Authors: Christopher Biggins
But it turned out that in very many ways I was wrong. For throughout these otherwise joyous years, life was going to get in the way. It seemed that a new world of sadness was always waiting in the wings. There were dark clouds on the horizon and so many tears to be shed. So many lives were going to get colder in these sad, sad years. For so many of us, everything was about to change.
I
t’s hard to pinpoint when exactly it began. It’s hard to say when I first felt it and knew it. But somehow, sometime, it was clear that the shadow of death was being cast over some of the most wonderful people in my life. So many of the men and women I loved and admired and respected were to be taken from us all. Too many of them. And they were being taken far, far too soon.

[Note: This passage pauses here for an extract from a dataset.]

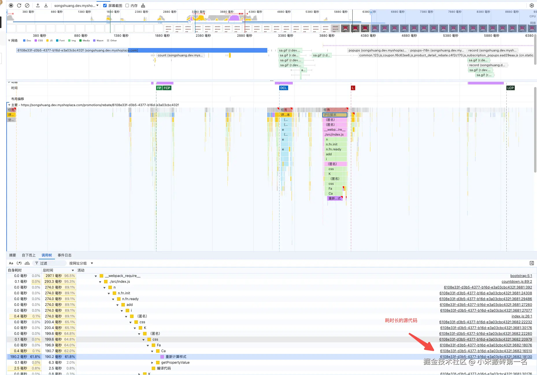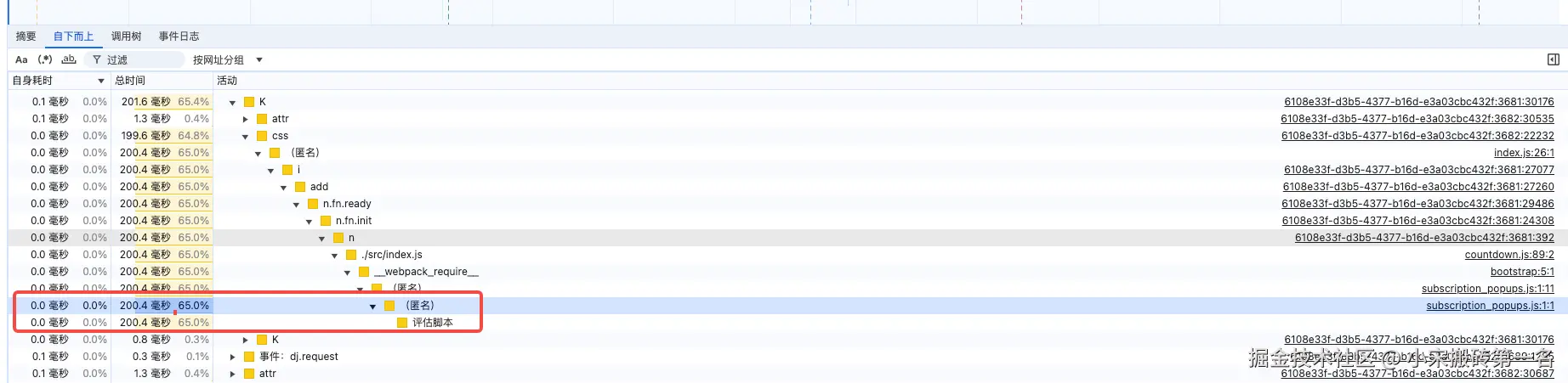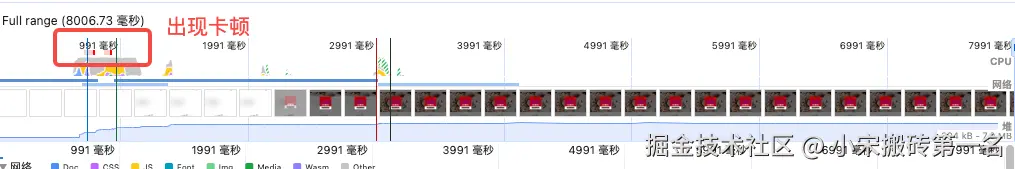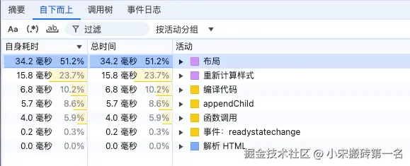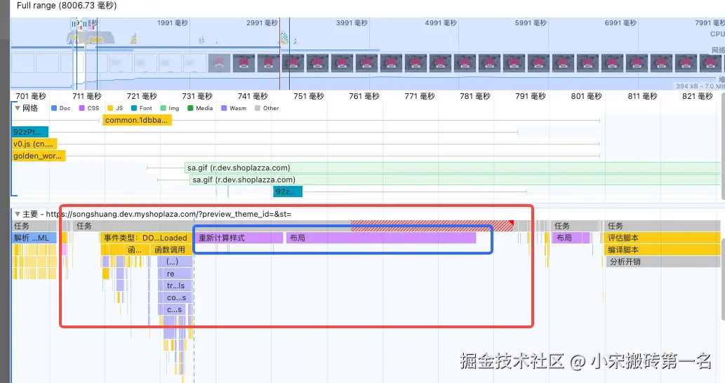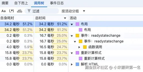 在屏幕截图板块,上方部分表示帧率(每秒钟显示的图像帧数量),如果出现了下图框住的红色块,表示有卡顿,应该优化。选择该时间段,从主线程任务板块可以看到阻塞的红色条纹方块,如图2-3所示。在主线程任务板块,可以看出耗时长的原因在于重新计算样式和布局,点击耗时长的任务,在面板最下方,点击自下而上或者调用树,可以看到具体的耗时文件,以及源代码所在文件。

One of the first was a great girlfriend of mine, Pam. She died at just 52, of cancer. She had been an actress, a voice teacher, a therapist and a dear, dear pal. She was so young. It was such a shock to lose her. So hard to be without her in the years ahead. And her loss was only the start.
For with Pam’s passing it felt as if the call was out for Neil and me to attend so many funerals. I have had the grim task of trying to add it up. And I found that in the next few
months and years more than 60 of my friends were to die.
More than 60
. It was frightening. Sobering. Terrible.
Of course I could explain some of it. I could put some of it down to my age – as I got older so too did many of my friends. So departures from the stage were inevitable. I could also put some of it down to my large circle of friends. When you know and love so many people it will again be inevitable that a certain number will leave you. But 60 people? In such fast succession, in really such a short period of time?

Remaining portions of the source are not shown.